Phanes drukte zijn vriend de hand. Gyges verbleekte. Die oude held, die reeds zoo menige proef had doorgestaan, noemde hem een lafaard! Weder ontbraken hem de woorden om zich te rechtvaardigen. Bij iedere heftige gemoedsbeweging begaf hem zijn spraakvermogen. Eensklaps echter kleurde een vluchtig rood zijne wangen, en snel en op beslissenden toon riep hij: »Volg mij, Athener! en gij, Spartaan, die u anders wel beraadt alvorens gij spreekt, noem voortaan niemand laf, dien gij niet kent. – Vrienden, Phanes is gered! Vaarwel, vader!”

In de grootste verbazing staarden zij, die bleven, de twee mannen na, die daarheen gingen. Eenige minuten na hun vertrek vernamen de gasten, die in angstige spanning zaten te luisteren, den hoefslag van een paar wegrennende paarden. Daarop hoorden zij na eene poos een langgerekt gefluit en een geroep om hulp van den Nijlkant.

»Waar is Knakias?” vroeg Rhodopis aan een harer slaven.

»Hij is met Phanes en den Pers in den tuin gegaan.” Op hetzelfde oogenblik trad de oude dienaar bleek en bevend het vertrek binnen.

»Hebt gij mijn zoon gezien?” riep Cresus hem reeds uit de verte tegen.

»Waar is Phanes?”

»Beiden laten u door mij hun afscheidsgroet brengen.”

»Zijn zij dan ontkomen? – Hoe zijn zij er door gekomen? – Waarheen zijn zij gegaan? – ”

»Dáar, in het vertrek hiernaast,” verhaalde de slaaf, »spraken de Athener en de Pers eerst een oogenblik met elkaar. Toen moest ik beiden ontkleeden. Phanes deed de broek, den rok en den gordel van den vreemdeling aan, en zette diens spitse muts op. De Pers daarentegen hulde zich in den chiton en den mantel van den Athener, versierde zijn voorhoofd met diens gouden band, liet zich het haar van de bovenlip wegsnijden, en gebood mij hem in den tuin te volgen.

»Phanes, wien iedereen in zijne nieuwe kleeding voor een Pers zou hebben aangezien, sprong op een der voor de poort gereed staande paarden. De vreemde riep hem herhaaldelijk toe: ‘Vaarwel, Gyges! Vaarwel, edele Pers! Reis voorspoedig, Gyges!’” De dienaar, die aan de poort wachtte, reed hem achterna. In de struiken vernam ik onophoudelijk wapengekletter, doch niemand trad den vluchteling in den weg.

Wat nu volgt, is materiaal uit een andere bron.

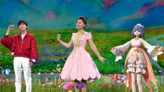 今年的春晚节目《听我说》中,虚拟技术搭建的稻田和无际的花海构成了一个多彩而生动的丰收场景,蝴蝶萦绕、落英缤纷之中,镜头一转,洛天依从莲花中翩然降落到舞台,和童年女神月亮姐姐以及当红偶像王源并肩歌唱。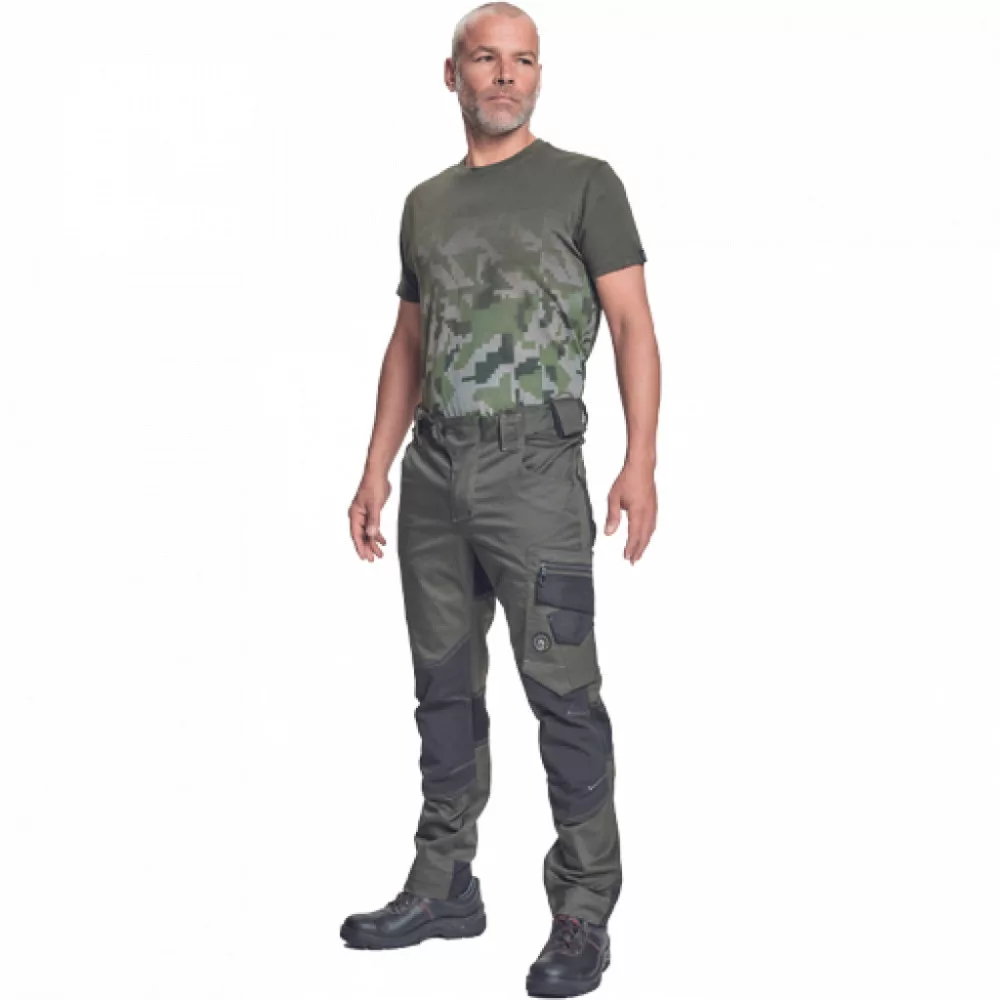 férfi munkanadrág innovatív, rugalmas TRIFIBETEX anyagból CORDURA betétekkel, elöl 2 ékzseb, hátul 2 tépőzáras foltzseb, bal oldalt nagy multifunkciós zseb, jobb oldalt multifunkciós vonalzó, kés és ceruzatartó, fém "D" gyűrű, rugalmas derék, hosszabbítható szárhossz, fényvisszavető elemek, dekoratív tripla varrás kontrasztos színnel, kalapácstartó

De soldaten twijfelden er geen oogenblik aan, dat hij een Pers was.

»Toen wij weder voor het huis stonden, gebood de vreemdeling mij: ‘Vergezel mij nu naar de boot van Phanes, en noem mij dikwerf bij den naam van den Athener.’ – ‘Maar de matrozen zouden u kunnen verraden,’ bracht ik hier tegen in. ‘Ga dan eerst alleen tot hen, en zeg hun, dat zij mij moeten ontvangen alsof ik hun meester ware.’ Ik bad hem nog mij toe te staan, dat ik mij in zijne plaats in het kleed van den ontvlodene zou laten vangen. Doch hij wees mijn verzoek met vastheid van de hand, en hij had gelijk toen hij zeide, dat mijne houding mij aanstonds zou hebben verraden.

»Ach, slechts de vrije kan met opgeheven hoofd daarheen wandelen; de nek van een slaaf is altijd gebogen, en zijne bewegingen missen de bevalligheid, die gij, edelen, op de scholen en in de gymnasiën leert. Zoo zal het eeuwig blijven, want onze kinderen moeten aan hun vader gelijk worden. Uit een armzaligen ui kan geene roos, uit den grauwen ramenas geene hyacinth voortkomen174. De slavernij kromt den rug, gelijk het bewustzijn der vrijheid ons het hoofd fier omhoog doet heffen!”

»Wat is er van mijn zoon geworden?” riep Cresus, den slaaf in de rede vallende.

»Hij nam mijn welgemeend offer niet aan, en zette zich, terwijl hij mij duizend groeten aan u, o koning, opdroeg, in de boot neder. Ik riep hem nog toe: ‘het ga u goed, Phanes! Voorspoedige reis, Phanes!’ Eene wolk onderschepte het licht van de maan, zoodat het buitengemeen donker was geworden. Daar hoorde ik op eenmaal om hulp roepen. Dit duurde evenwel slechts kort, en toen deed zich een gillend gefluit hooren, waarna ik niets meer vernam dan den gelijkmatigen slag der riemen. Juist wilde ik in huis gaan, om u van het voorgevallene kennis te geven, als Sebek de roeier opnieuw kwam aanzwemmen. Hij verhaalde mij het volgende: De Egyptenaren hadden in het vaartuig van Phanes, waarschijnlijk door duikers, een gat doen booren. Zoodra het zich een weinig van den oever verwijderd had, begon het te zinken. De matrozen schreeuwden om hulp. Toen kwam het koninklijk schip dat hen volgde naderbij, nam den gewaanden Phanes aan boord, als om hem te redden, en belette de matrozen van den Athener hunne banken te verlaten. Zij zijn allen met de boot in de diepte verdwenen; alleen de stoute zwemmer Sebek bereikte den oever.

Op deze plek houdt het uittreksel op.